If you aren’t asked, you get plastic. And when you do insist on paper, your entire purchase, regardless of size, will be crammed into one bag which will yank your arm from its socket as you hoist it. It’s hard to imagine, though, that plastic is anyone’s (except dog walkers’) preference, even the baggers themselves. The truth is, baggers don’t like those shape-shifting sacks. It’s so easy to forget that the baggers are just delivering the goods, so easy to see them as single-minded plastic-pushers.
According to the website plasticbag.com, shoppers began facing the plastic-or-paper question decades ago. By 1977, plastic bags were threatening the moral fiber of paper– they were sexier and epitomized everything instant. Today, as landfills clog and forests fall, the choice is far less clear-cut. Ultimately, the green solution may be the most individual.
“I generally say whichever you’re going to reuse is the more environmentally friendly choice,” says Kerian Bicknell, store manager at Rebecca’s, a natural foods store where many customers bring their own cloth bags.
But these shoppers aren’t the majority, and for many environmentalists, the bag issue ranks behind more pressing pollution problems: the release of dioxins, for example, from sources like office materials. That issue, Brennan stresses, is more important. The making of white paper ranks among our dirtiest industries. While store bags have a limited number of useful lives from grocery store to landfill, dioxin is a poisonous time traveler that remains locked indefinitely in the food chain.
Still, there’s no refuting the environmental superiority of reusable cloth bags. Customers who accept their ration of paper or plastic in good faith find it’s not always easy reusing those materials.  Plastic bags may survive more than one incarnation around the house, but the most obvious role for these non-biodegradable land-fillers– as mini garbage receptacles– is a puzzler. Perfect (cheap) solution though it ought to be, the plastic grocery bag disintegrates with every attempt to line a kitty box. And stretched taut over the rim of household trash cans, they resemble doilies worn by oil drums. Paper bags, on the other hand, endure about eight (shapely) lives before their fibers are worn to a thread. Digestible in the landfill, they have greater commercial value and recyclable content. 
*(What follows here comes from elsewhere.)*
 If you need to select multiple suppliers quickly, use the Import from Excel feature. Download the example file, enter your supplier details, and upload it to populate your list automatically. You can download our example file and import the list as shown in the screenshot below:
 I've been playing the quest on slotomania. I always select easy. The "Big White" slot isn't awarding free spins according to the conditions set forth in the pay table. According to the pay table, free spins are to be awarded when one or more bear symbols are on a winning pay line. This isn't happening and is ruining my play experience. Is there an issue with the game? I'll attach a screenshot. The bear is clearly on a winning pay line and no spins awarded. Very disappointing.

Of course, most grocery stores offer bins out front for their shoppers’ old plastic– even competitors’– bags, eliminating the need to rack your creative brain for unheard-of uses for that amorphous mass that seems to spring from every kitchen nook. Recycling bags seems to make good economic sense for grocery stores.
A store manager at Kroger who wished to remain anonymous offered this: all those bins of plastic bags, along with cardboard bales from food shipments, are trucked back to a giant compactor at a larger store facility. From there, the materials are sold to a plastics plant, and in their life cycle they come round again as objects at a Kroger check-out counter waiting to be chosen– “Okay then, plastic.” Without divulging particulars, the manager notes that the store “gets credited.”
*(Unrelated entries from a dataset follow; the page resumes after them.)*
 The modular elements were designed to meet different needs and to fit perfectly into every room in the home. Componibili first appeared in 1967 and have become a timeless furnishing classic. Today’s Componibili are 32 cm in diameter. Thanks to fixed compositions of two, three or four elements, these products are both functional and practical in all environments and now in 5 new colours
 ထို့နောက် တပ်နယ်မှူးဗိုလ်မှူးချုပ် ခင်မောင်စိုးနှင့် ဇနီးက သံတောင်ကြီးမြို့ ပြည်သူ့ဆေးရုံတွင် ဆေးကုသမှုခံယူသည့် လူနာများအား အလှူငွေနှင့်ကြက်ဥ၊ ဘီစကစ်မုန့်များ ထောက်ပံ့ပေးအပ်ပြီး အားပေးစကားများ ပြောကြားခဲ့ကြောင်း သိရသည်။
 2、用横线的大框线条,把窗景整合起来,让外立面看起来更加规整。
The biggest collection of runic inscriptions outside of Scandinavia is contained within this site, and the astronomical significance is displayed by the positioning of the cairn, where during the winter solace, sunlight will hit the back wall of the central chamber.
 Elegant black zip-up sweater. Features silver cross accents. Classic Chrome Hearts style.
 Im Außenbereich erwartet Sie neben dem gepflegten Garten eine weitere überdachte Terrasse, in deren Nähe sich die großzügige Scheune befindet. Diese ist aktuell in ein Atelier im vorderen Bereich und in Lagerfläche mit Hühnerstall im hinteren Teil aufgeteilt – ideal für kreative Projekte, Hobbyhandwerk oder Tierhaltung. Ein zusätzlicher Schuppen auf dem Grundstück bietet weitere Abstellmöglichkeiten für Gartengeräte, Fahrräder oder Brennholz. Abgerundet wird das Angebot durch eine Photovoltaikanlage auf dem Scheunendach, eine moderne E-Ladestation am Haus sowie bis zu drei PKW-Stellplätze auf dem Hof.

Locally, do large chains give “credit” to shoppers who bring their own bags?
Kroger store manager Pennie Osborne: “I haven’t heard of anything like that.”
A customer service representative at Harris Teeter said that it hasn’t happened yet. “They’re looking at it for the future,” he said.
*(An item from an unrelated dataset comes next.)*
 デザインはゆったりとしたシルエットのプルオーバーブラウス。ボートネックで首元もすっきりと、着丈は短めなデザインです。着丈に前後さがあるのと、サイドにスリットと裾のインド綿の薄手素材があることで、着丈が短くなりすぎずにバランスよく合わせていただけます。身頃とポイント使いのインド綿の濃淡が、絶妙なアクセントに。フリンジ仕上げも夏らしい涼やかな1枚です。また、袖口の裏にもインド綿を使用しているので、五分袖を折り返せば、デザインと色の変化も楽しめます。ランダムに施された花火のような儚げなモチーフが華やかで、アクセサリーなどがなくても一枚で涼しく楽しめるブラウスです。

According to Ron Sexton, a manager at the Charlottesville Giant, however, customers there get a three-cent credit for each bag they bring– just as Starbucks reduces the tab when you tote your own coffee cup. Consider that if every American shopper takes even two or three fewer bags per month, hundreds of millions will be saved annually.
Maybe it’s time to consider trading in the store bags for the reusable cloth kind. Think of the forests and landfills spared, the change you could save… and all those grateful baggers.